Long toms,or a sluice box can be made from wood or metal, there are different ways the riffle's can be made, it can be as simple as a wood slat frame , or a little more complicated to build as angled iron, welded on a frame, these later riffles are a more proven design, I have built several dredges, nothing real fancy but they work for me,made some jet flares, and I have even bent and welded up my own suction nozzles. aluminum sheet metal is easy to bend for the sluice box if you have access to a sheet metal brake, if not a simple metal brake can be constructed from boards clamps and large door hinges, angle iron can be welded to form the riffles and its frame, an outdoor carpet (looks like grass) under the riffle frame can also help to catch gold.

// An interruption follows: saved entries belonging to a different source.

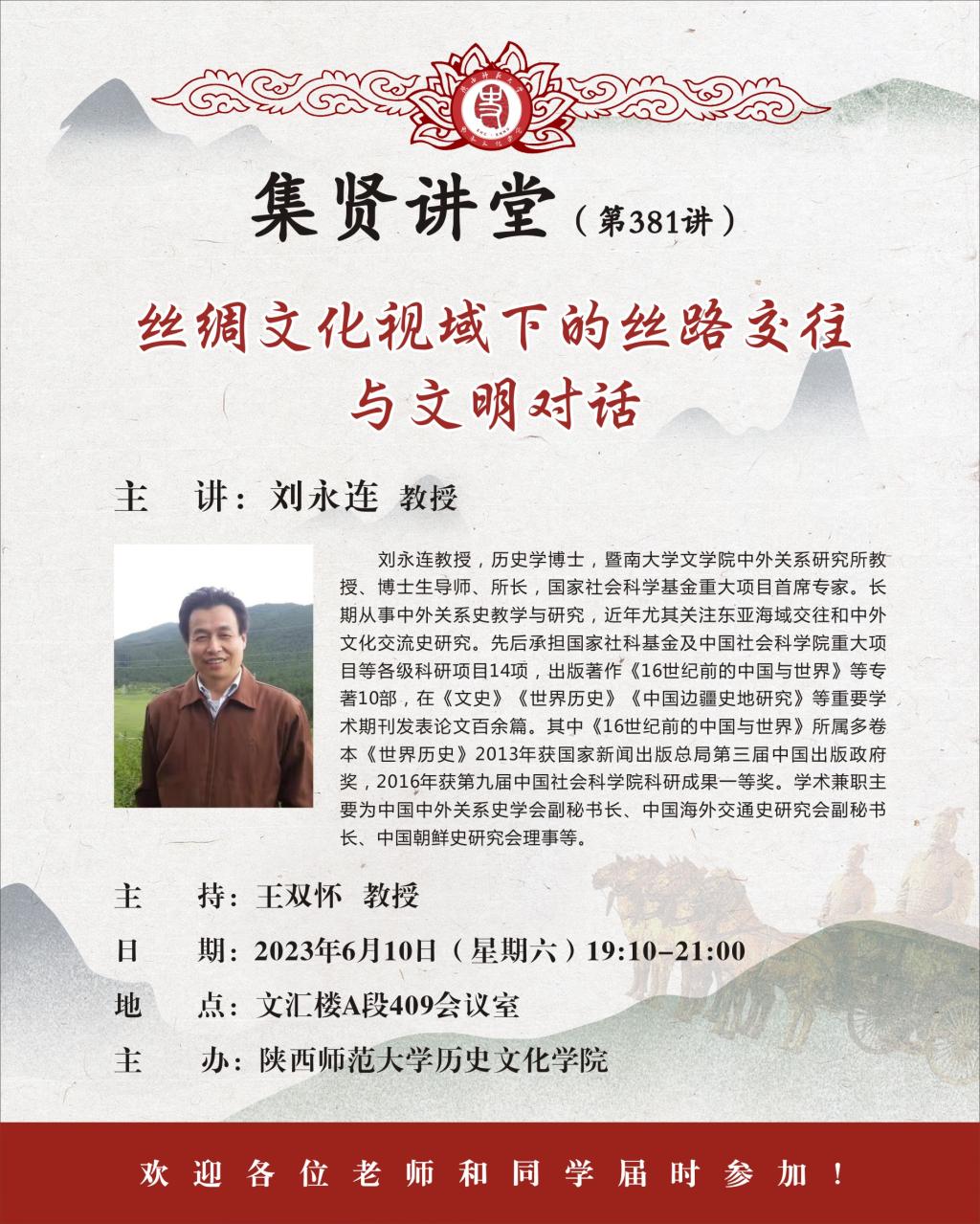 集贤讲堂第381讲:丝绸文化视域下的丝路交往与文明对话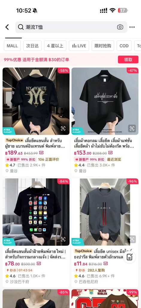 这里,我们的手机作为选品手机,无需翻译泰文进行搜索,Tiktok是全球短视频社交平台,会自动识别用户的需求。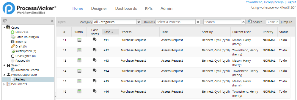 All the cases with To Do status of the supervised process will be listed in the panel at the right side. Note that cases currently in the initial task as drafts are NOT displayed. Once cases move to the second or subsequent task(s), they are included in the list.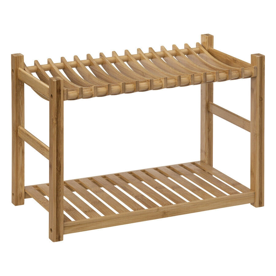 Ociekacz do naczyń bambusowy 5five simply smart to dwupoziomowa suszarka na naczynia, która łączy naturalny wygląd z funkcjonalnością. Wykonany z trwałego drewna bambusowego o wymiarach 53×24,7×33 cm, doskonale sprawdzi się na blacie w każdej kuchni. Wyposażony w wyjmowany pojemnik na sztućce oraz dwa poziomy suszenia, zapewnia wygodne i szybkie osuszanie zarówno talerzy, jak i drobnych akcesoriów kuchennych.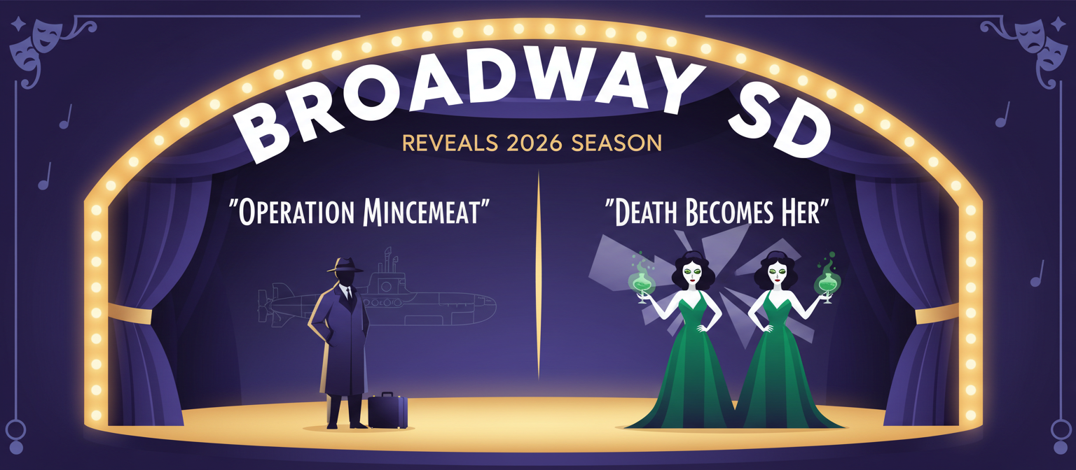 Broadway San Diego’s newly announced 2026 season will bring seven current Broadway shows to local audiences, including the hit musical ‘Operation Mincemeat’ and the stage adaptation of ‘Death Becomes Her.’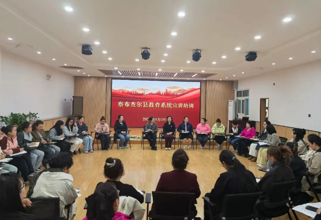 为进一步提升全县教育系统宣讲队伍专业素养,规范宣讲流程、创新宣讲形式,切实发挥宣讲工作在传递教育声音、凝聚育人共识中的重要作用,近日,察布查尔县教育局牵头召开2026年察布查尔县教育系统宣讲培训会。县教育局党委委员张红玲主持培训,全县各校34名宣讲员齐聚一堂、认真参训,县委宣传部副部长、县委讲师团团长富春丽带领4名县级优秀宣讲员代表莅临现场,为参训人员开展专业化、实操性宣讲能力提升培训。

There are a couple of web sites on how to build a dredge or other mining equipment, also studying some of the professional ones like keen can help you design your own.

here is a quick search on riffles:
http://www.bing.com/images/search?q=dredge+riffle+desighn&view=detail&id=DBAEE4EAFA7DCFCFB14AEB4EB0941CDF96E97780&first=1


----------



## grance (Sep 22, 2012)

glad I found this topic I'm thinking of building a high banker/floating dredge useing poly drums as pontoons Witch could be removed for use as a high banker. The sluce box i have is 10in X 36in. One thing I'm not sure about is how many GHP pump should I look for. I'm trying to keep it as light as possible and cheap. ive seen many use a honda engine with a keen or proline pump but there all 600-750 dollar range thats to much. Also seen a few cheaper pumps for around 200 bucks that deliver 1500-3000 Gph


----------